▶ **What to do**: In the records below, repeat exactly the lines between the line holding "Show Me Your" and the line holding "Above you can", inclusive, and drop the pictures.

▶ **Records excerpted from a collection**:
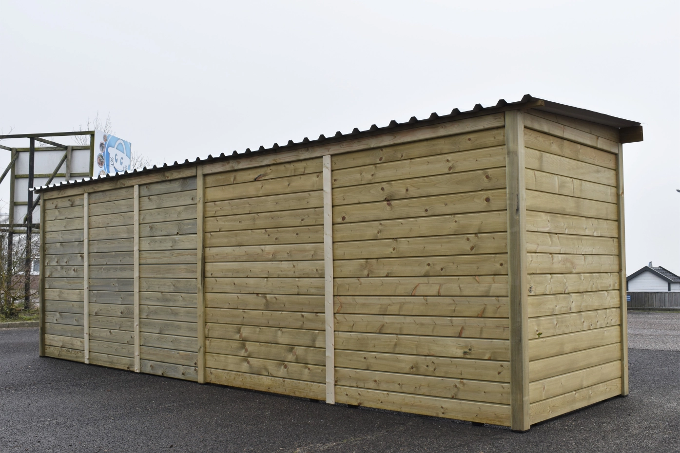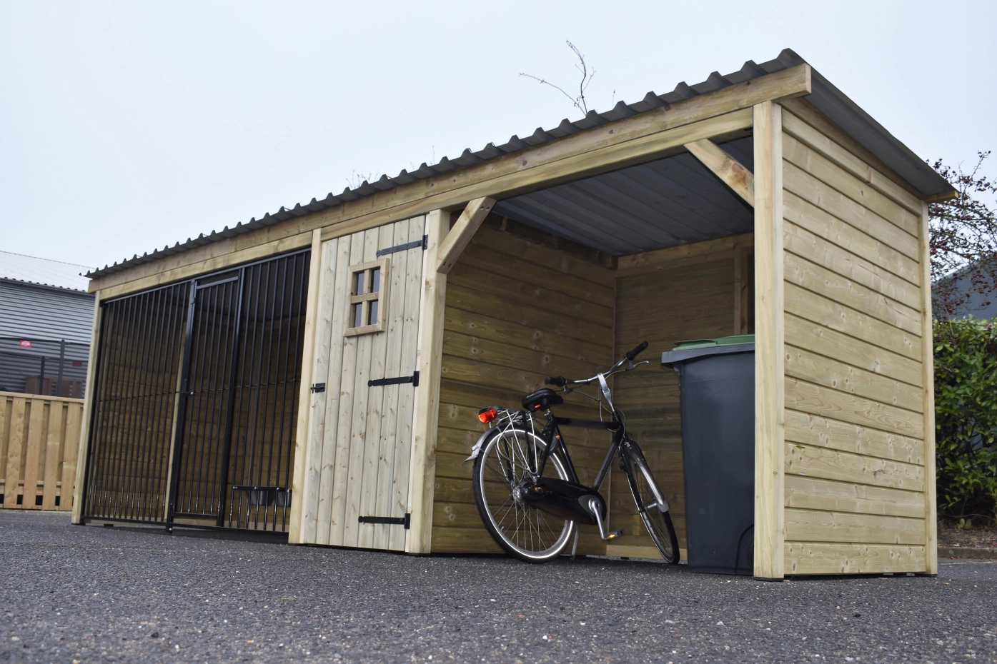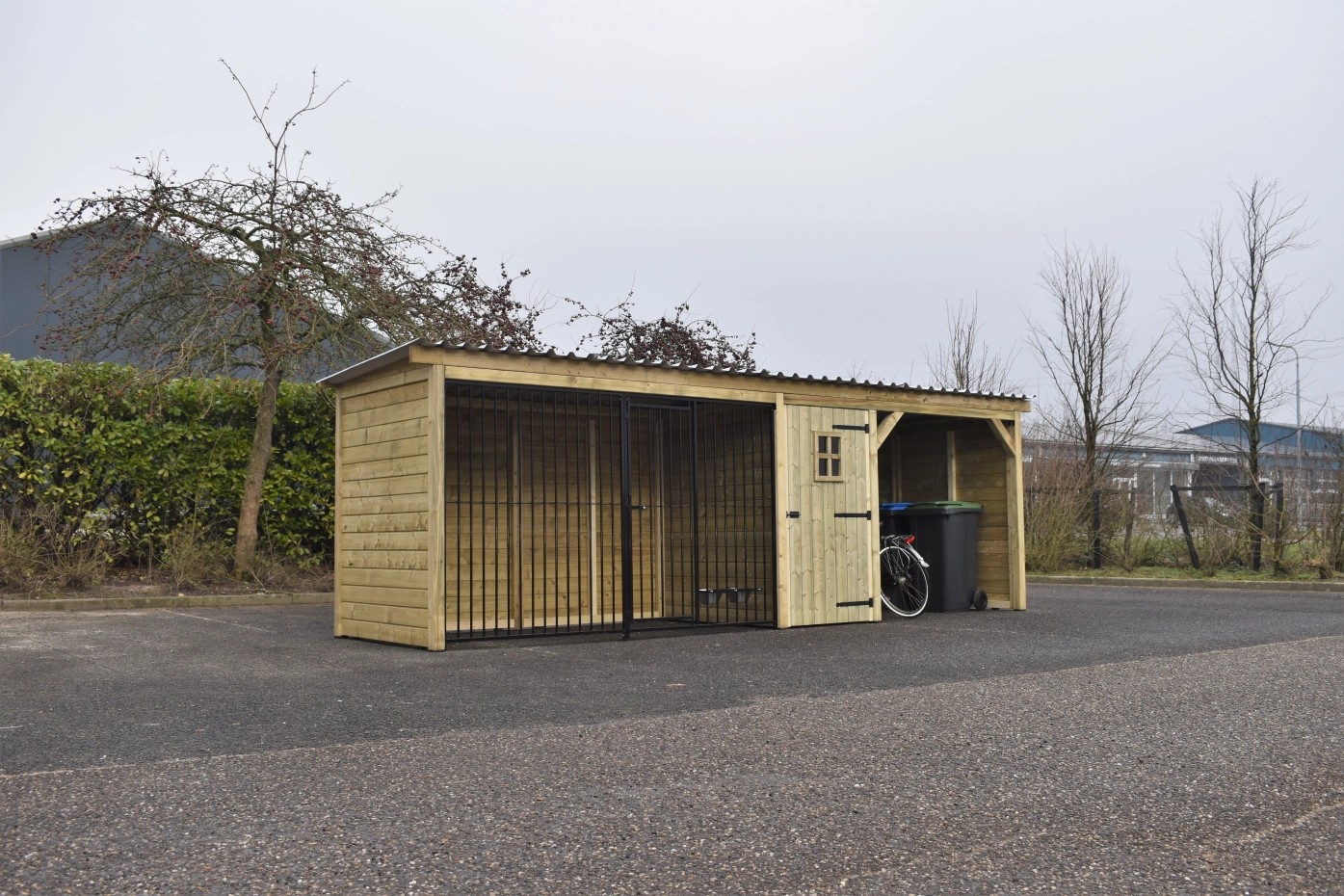 Niche en bois de pin imprégné avec un cadre en bois. Parc luxueux et spacieux de 1,5 x 3 mètres. En outre, un espace de rangement avec porte de luxe. Puis un abri, le tout sous un même toit ! Comme le chenil n'est pas très profond, il ne prend pas trop de place et peut facilement se tenir dans la longueur du jardin. Le bois est durable et durera au moins 10 à 15 ans. Les panneaux du chenil sont recouverts d'une couche de poudre noire, ce qui en fait un chenil solide à un prix intéressant ! Les panneaux du toit sont en acier et leur face inférieure est recouverte d'une couche de feutre qui empêche la condensation et amortit la pluie.
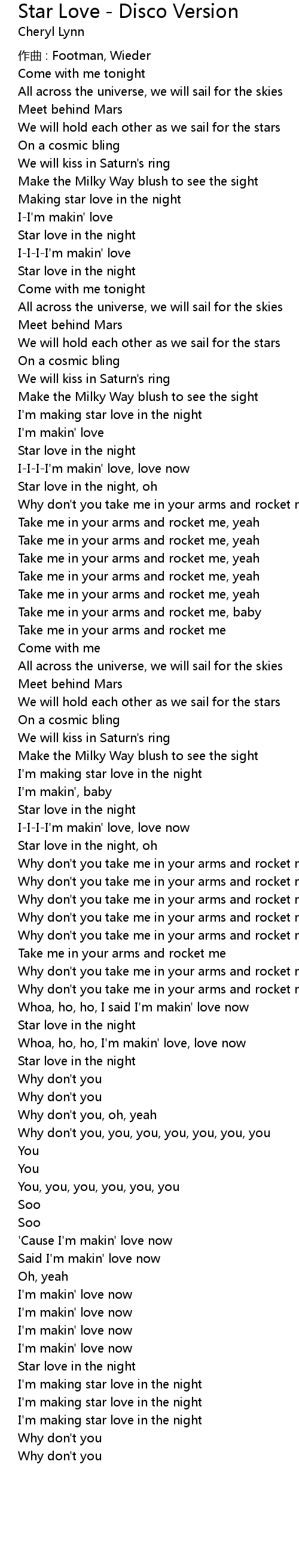 | Why don' t you take me in your arms and rocket me | |
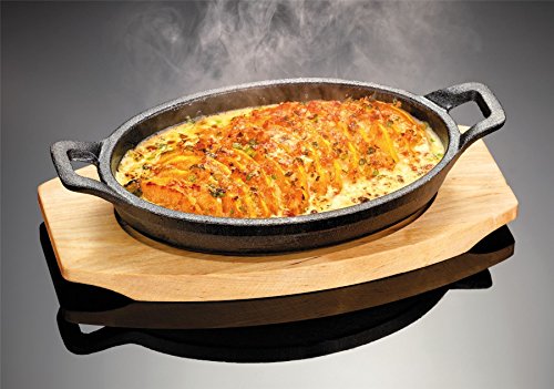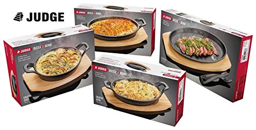 Studio : Judge Publisher : Judge Product Description -Durable Cast Iron Oven to Table Dish plus Heat Resistant Maple Wood Serving Stand. - Cast Iron retains the heat while serving - keeps food hotter for longer. - Suitable for all hob types BBQ's - oven safe to 240 degC / 464 degF - Approx Size; 20 x 14cm / 8 x 5.5". 0
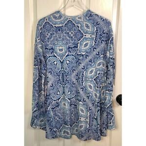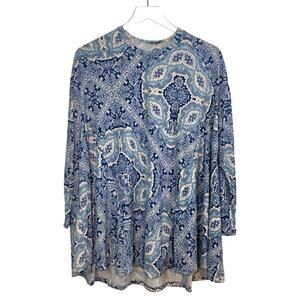 Show Me Your Mumu Tunic - Blue & white paisley design, slight high/low cut, long sleeve, rounded neckline, oversized cut, slinky wrinkle resistant fabric that moves with you. Very good condition, smoke free home.
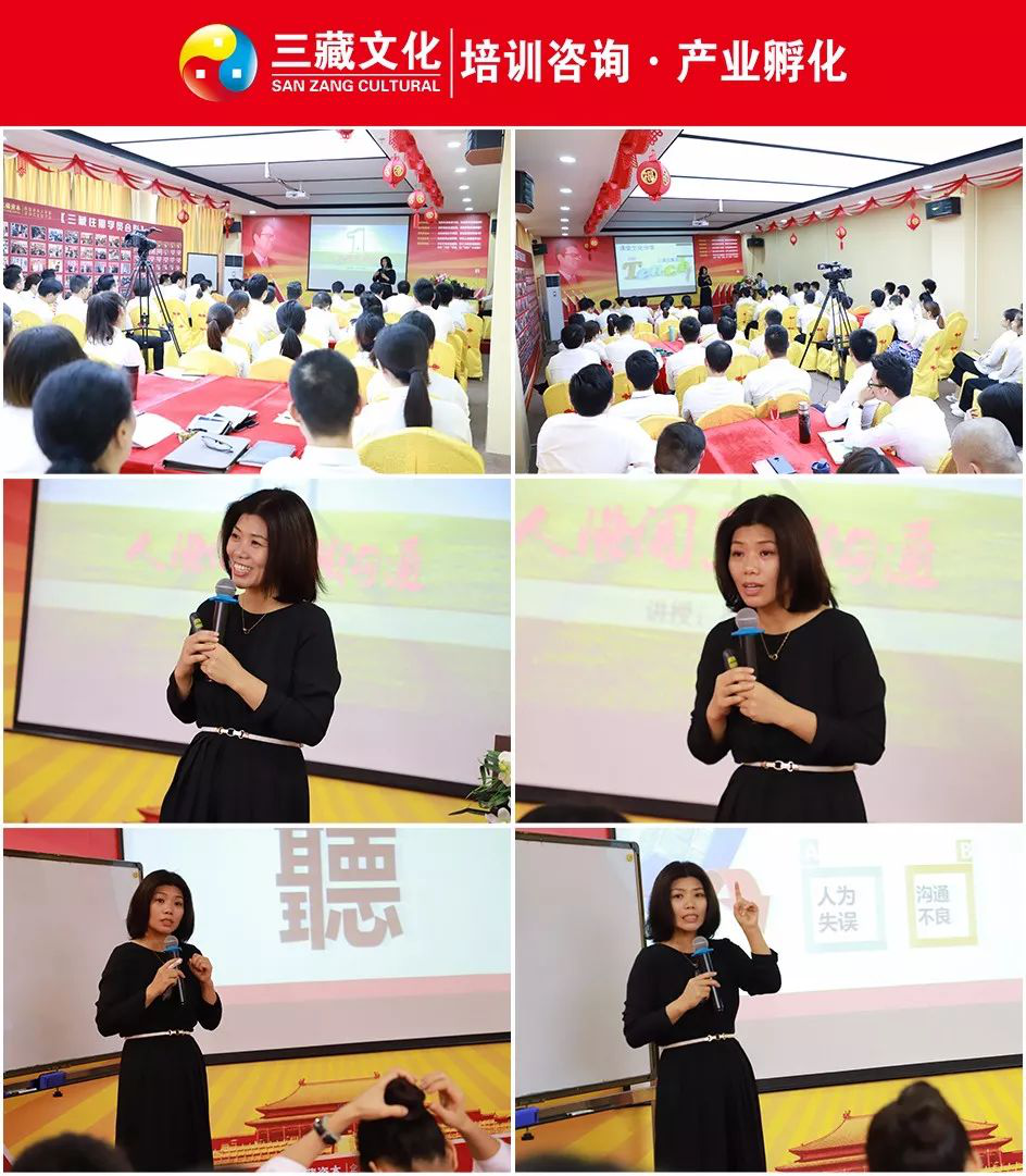 为了提高员工的工作效率,更有效的和客户沟通,建立顾客对自己的信任。三藏文化举办了一次以“人际关系与沟通”为主题的培训。 这次培训特地邀请了知名的心理学专家严红艳老师做专题讲座,我司领导及全体员工都准时参加。
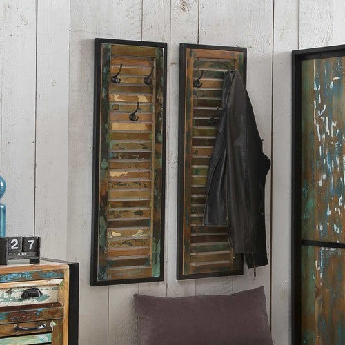 Mobili realizzati con legno riciclato trattato e recuperato per creare ambienti con uno stile industrial allegro e colorato.
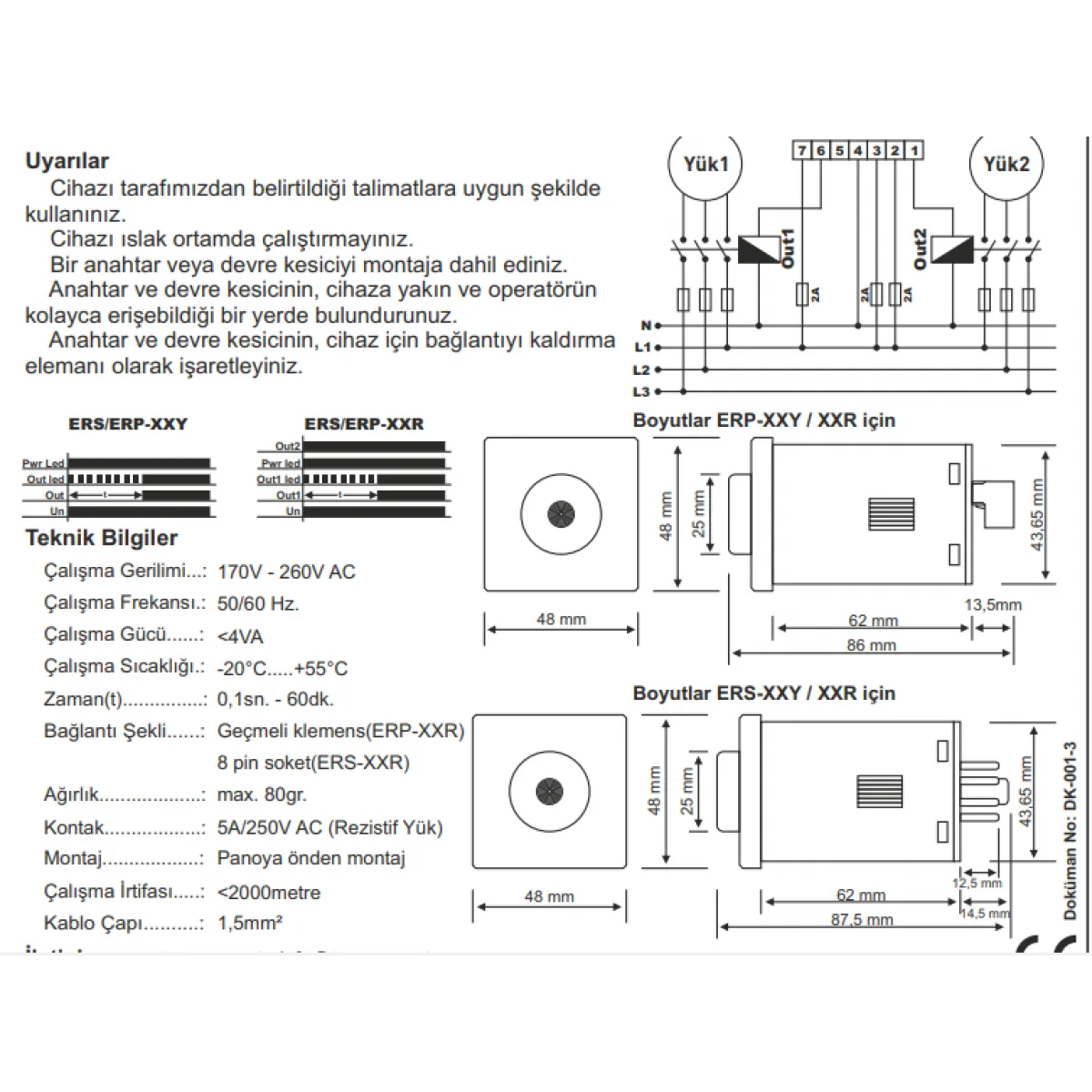 ERS-60Y, kompakt boyutu ve sunduğu gelişmiş özelliklerle öne çıkar. 8 pinli soket yapısı sayesinde kolay montaj ve bağlantı imkanı sunarken, 48x48mm’lik standart pano boyutu mevcut panolara entegrasyonu kolaylaştırır. Ayarlanabilir zamanlama aralığı ve hassas tetikleme yeteneği, onu çeşitli endüstriyel uygulamalar için esnek bir çözüm haline getirir.
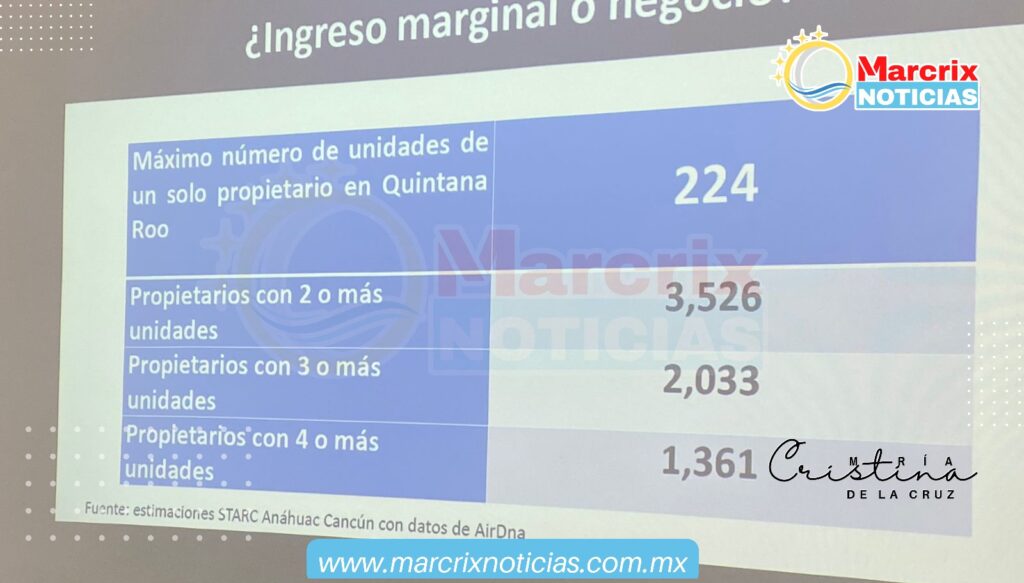 Explicaron que en Quintana Roo, “hay un solo propietario que tiene 224 viviendas y que se comercializan a través de esta plataforma a nivel nacional”.
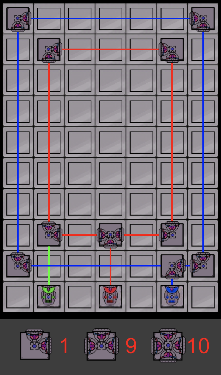 Above you can see all the sprites that are now a part of the game. Below, you’ll see what a level might look like with these sprites. Something else you might have noticed: The UI at the bottom panel now makes sense. No more of those unintuitive white boxes. Each manipulator has a corresponding number for the available amount left.
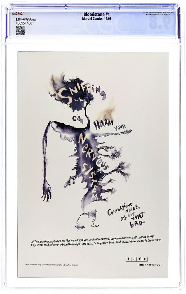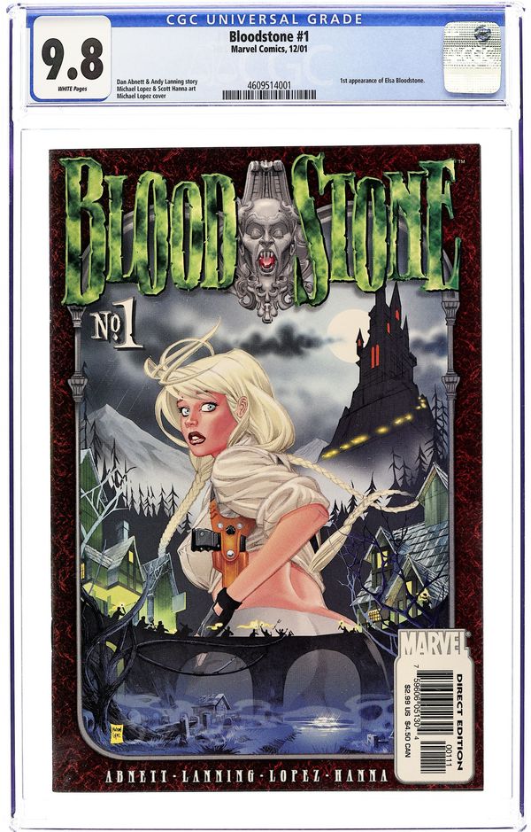 $65.00Blood Runs Thicker... - Written by Dan Abnett and Andy Lanning. Art by Michael Lopez and Scott Hanna. Cover by Michael Lopez. 1st appearance of Elsa Bloodstone. Growing up was tough for Elsa. Her mom was a nerdy archaeologist, she was constantly moving from place to place searching for the next ancient wonder, and she never knew anything about her father...until today! What do you do when you discover that your dad was the legendary monster hunter, Ulysses Bloodstone...and that he died doing what he loved best? You take up the mantle and kick some major monster butt...without your mom finding out, of course! Fans of Indiana Jones, Lara Croft or Buffy will definitely dig the hot hero called Bloodstone! With Dan Abnett and Andy Lanning providing the never-rest-for-a-moment story, and beautiful artwork by Michael Lopez and Scott Hanna, this adventure will be a light-hearted romp through the world of horror and the supernatural! And character design help from Alex Ross never hurts! 32 pages, full color. Cover price $2.99.

▶ **Task answer**:
 Show Me Your Mumu Tunic - Blue & white paisley design, slight high/low cut, long sleeve, rounded neckline, oversized cut, slinky wrinkle resistant fabric that moves with you. Very good condition, smoke free home.
 为了提高员工的工作效率,更有效的和客户沟通,建立顾客对自己的信任。三藏文化举办了一次以“人际关系与沟通”为主题的培训。 这次培训特地邀请了知名的心理学专家严红艳老师做专题讲座,我司领导及全体员工都准时参加。
 Mobili realizzati con legno riciclato trattato e recuperato per creare ambienti con uno stile industrial allegro e colorato.
 ERS-60Y, kompakt boyutu ve sunduğu gelişmiş özelliklerle öne çıkar. 8 pinli soket yapısı sayesinde kolay montaj ve bağlantı imkanı sunarken, 48x48mm’lik standart pano boyutu mevcut panolara entegrasyonu kolaylaştırır. Ayarlanabilir zamanlama aralığı ve hassas tetikleme yeteneği, onu çeşitli endüstriyel uygulamalar için esnek bir çözüm haline getirir.
 Explicaron que en Quintana Roo, “hay un solo propietario que tiene 224 viviendas y que se comercializan a través de esta plataforma a nivel nacional”.
 Above you can see all the sprites that are now a part of the game. Below, you’ll see what a level might look like with these sprites. Something else you might have noticed: The UI at the bottom panel now makes sense. No more of those unintuitive white boxes. Each manipulator has a corresponding number for the available amount left.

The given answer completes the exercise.